FDA Medical Devices
All recall actions attributed to FDA Medical Devices in our federal database. Each record links back to the agency's official notice so you can verify status, remedy, and amendments before acting.
U.S. Food and Drug Administration — Medical device recalls
39,096 recalls · Page 526 of 782
FDA Medical Devices Recall Insight
PlainRecalls tracks 39,096 recall actions attributed to the FDA Medical Devices in our federal recall index. Across the full PlainRecalls database of 101,704 records spanning 1995 through the present, FDA Medical Devices accounts for roughly 38.4% of all indexed recalls. The agency's stated scope - U.S. Food and Drug Administration — Medical device recalls - determines what classes of products flow through its recall pipeline and how quickly notices reach consumers. With 782 pages of records at 50 recalls per page, this archive represents one of the longest continuous federal enforcement histories accessible to the public.
Looking at the 50 records on this page alone, the severity distribution skews toward 1 critical (Class I-equivalent) actions, 49 moderate recalls, and 0 lower-severity notices. Approximately 50 of 50 entries name a specific recalling firm, while 50 disclose a unit count, the gap reflects regulatory filing norms where firms disclose lot numbers or distribution channels instead of absolute quantities. This page spans recalls from Mar 8, 2017 to Mar 8, 2017, covering 4 distinct firms. Severity mix is a leading indicator: a page weighted toward critical classifications usually signals an active public-health concern, while lower-severity clusters often represent labeling, undeclared-allergen, or minor design corrections.
Agency-level browsing is useful when a defect pattern crosses categories, for example, a supplier contamination can trigger dozens of downstream recalls that share no obvious product tag but a single issuing agency.
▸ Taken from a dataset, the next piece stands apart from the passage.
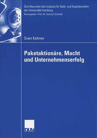 Sven Kehren untersucht die Interaktion von Paketaktionären. Im Mittelpunkt steht der Zusammenhang zwischen Aktionärsstruktur, Machtverhältnissen und Unternehmenserfolg. Er stützt sich dabei auf eine eigene, aus verschiedenen Datenquellen zusammengeführte Datenbank deutscher Aktiengesellschaften für die Jahre 1996 bis 2000, auf multiple Regressionsmodelle und nichtlineare univariate Techniken. Die Ergebnisse sind wenig ausgeprägt und widersprüchlich, doch scheint sich ein mächtiger zweiter Paketaktionär positiv auf den Unternehmenserfolg auszuwirken.

Use the pagination below to scan the full archive, or combine this agency filter with category and manufacturer views elsewhere on PlainRecalls to intersect the data. Recall records are sourced directly from FDA Medical Devices's public enforcement feeds and are updated as the agency publishes new notices; the federal record is the authoritative version, and this page aggregates what the agency itself has released. For high-stakes decisions, medical, automotive, or childcare, always click through to the recall detail page and cross-verify the recall number against the agency's current site. Record counts reflect all indexed actions regardless of status (ongoing, terminated, or completed).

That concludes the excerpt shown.